Com o tempo, pude conhecer melhor o Miguel e entender que o que ele sentia, na verdade era uma mágoa muito grande de Laura e ciúmes pelo tratamento que Daniel recebia por, na opinião dele, ser o irmão mais novo.

Mas toda essa proximidade com Miguel, fez com que ele se sentisse à vontade para tentar algo comigo novamente. Não havia uma vez sequer que estivéssemos juntos que ele não dizia coisas como o quanto ele gostava da minha companhia e de como eu não me arrependeria de dar uma chance à nós dois.

Em uma dessas vezes, Miguel ultrapassou todos os limites. Eu estava há tempos evitando um contato com ele e só ía em sua casa para ver Laura quando ele não estava. Mas nesse dia não consegui evitá-lo. 

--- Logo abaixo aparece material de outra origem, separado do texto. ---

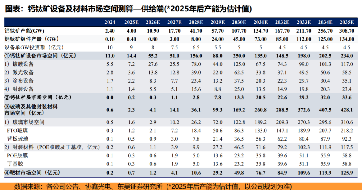 后续GW级设备投资预计约7-10亿元/GW。预计钙钛矿产能2030年有望达百GW+,组件市场近400亿,设备逐步受益。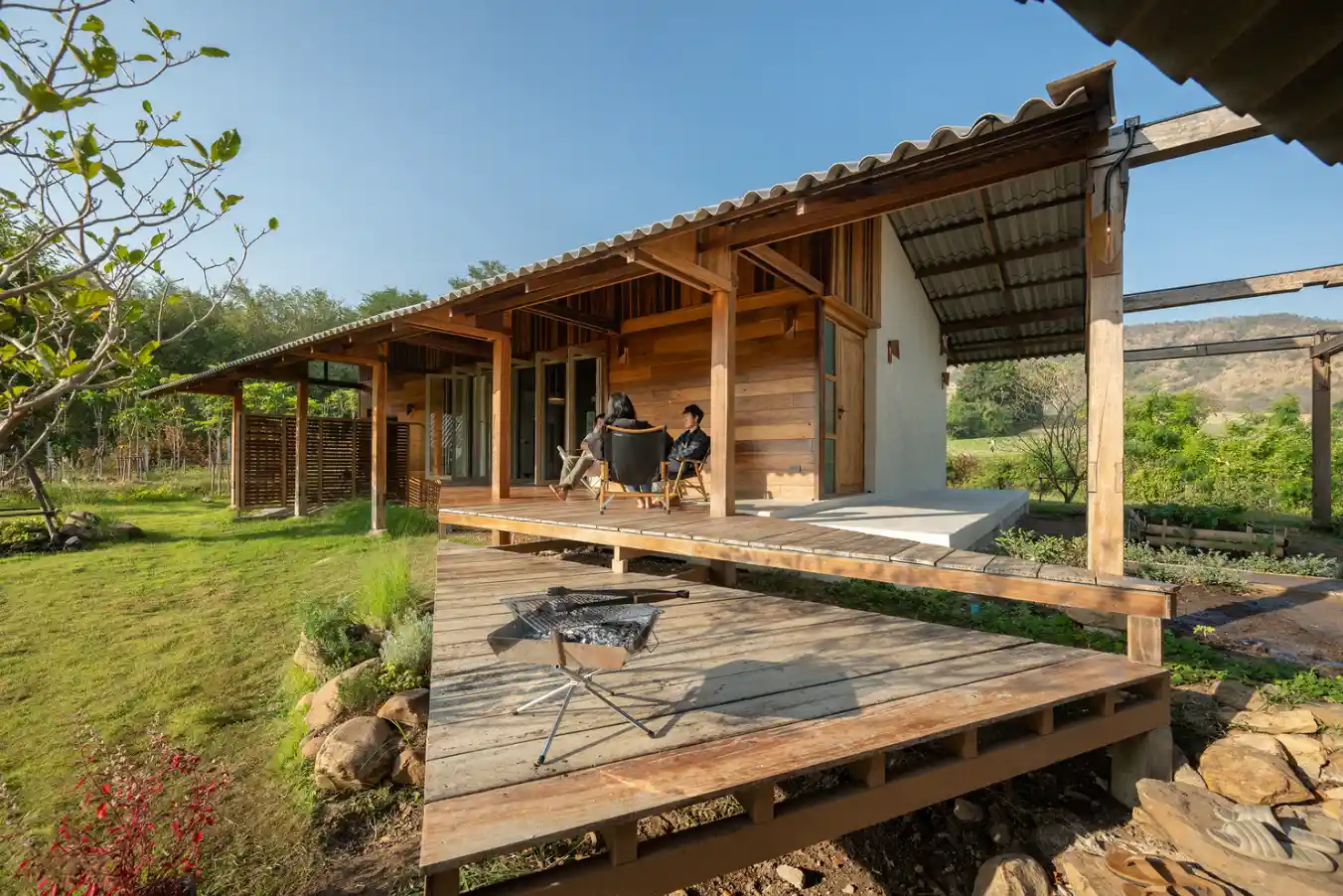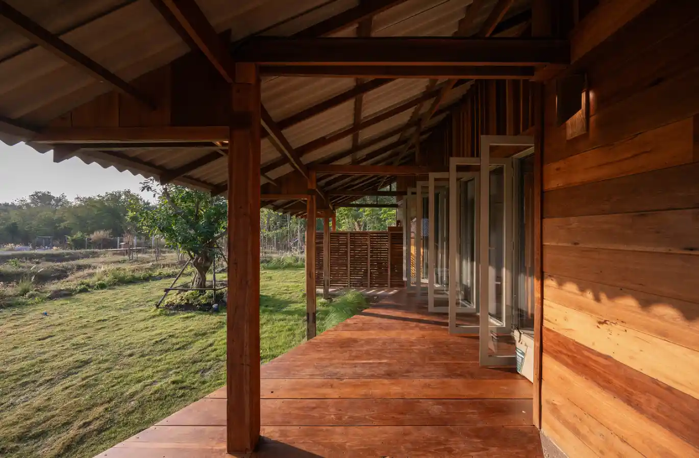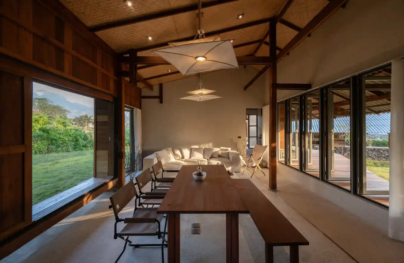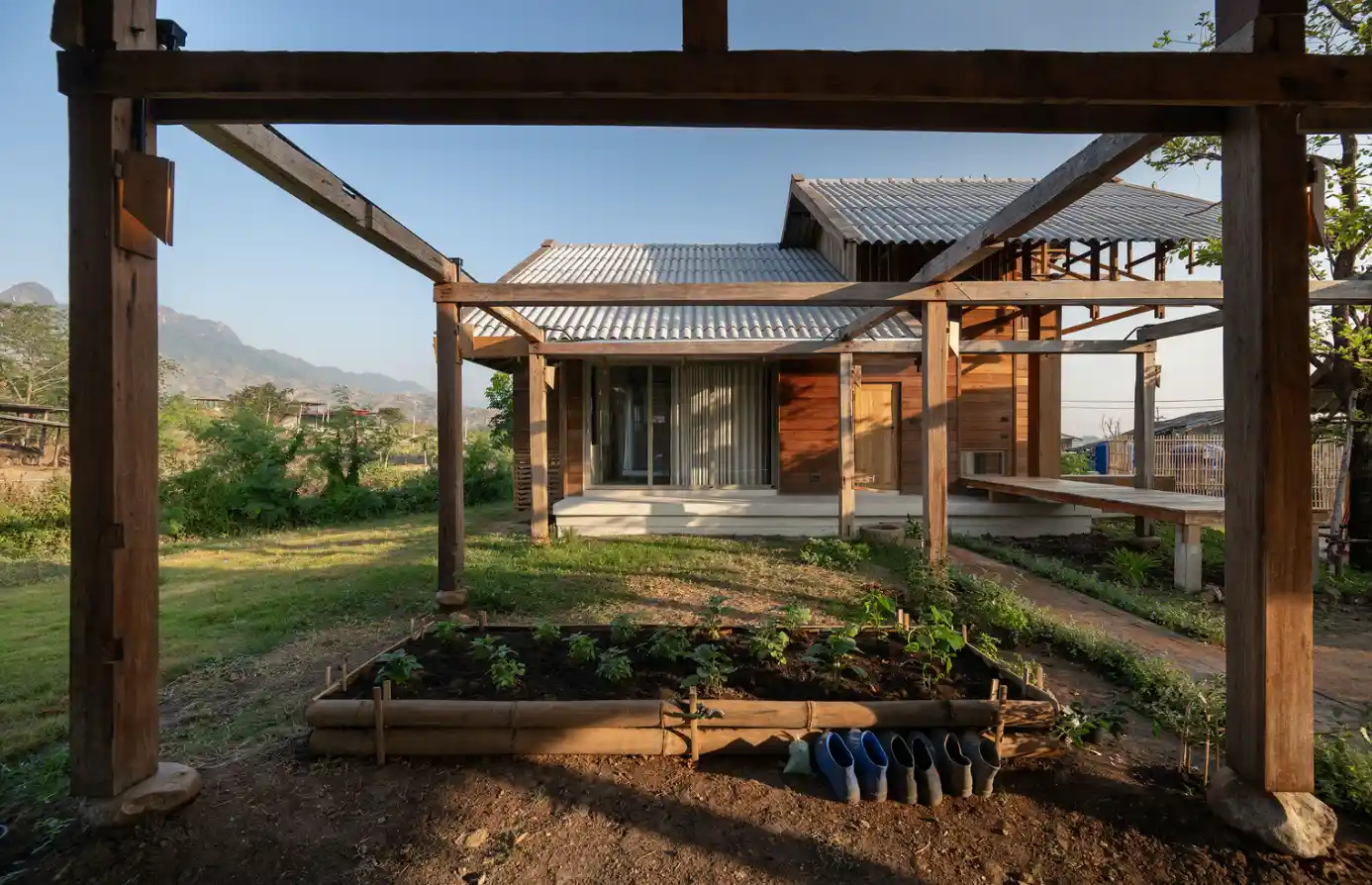 Bu projenin en dikkat çekici yönlerinden biri, geri dönüştürülmüş malzemelerin kullanımıdır. Bölgedeki eski ahşap yapıların korunması zor olduğundan, proje ekibi Chiang Mai’deki üç eski evi sökerek, bu yapıların malzemelerini yeni bir düzende bir araya getirmiştir. Ahşap malzemeler, önceki kullanımlarından kalan izleri koruyarak, yapıya hem tarihsel bir kimlik hem de doğal bir dokunuş kazandırmıştır. Mobilyalar ve aydınlatma elemanları da stüdyoda özel olarak tasarlanıp üretilmiş, böylece evin her köşesinde el işçiliğinin ve zanaatkârlığın izleri hissedilir hale gelmiştir.

Eu estava na cozinha com Laura, quando ela me pediu para esperá-la tomar um banho. Quando vi Miguel chegando, decidi que era melhor ir embora, mas fui impedida por ele, que parou na porta por onde eu iria passar:

- Não tem que ir só porque eu cheguei.

- Eu já estava indo embora, com licença. - Disse, tentando passar.

- Espera Maya, eu quero conversar com você. - Falou, sem sair da porta de acesso.

- Miguel, eu só quero ir pra casa. A gente conversa outra hora.

- Não, você não vai. Não dessa vez! - Disse Miguel, ao apertar o meu braço.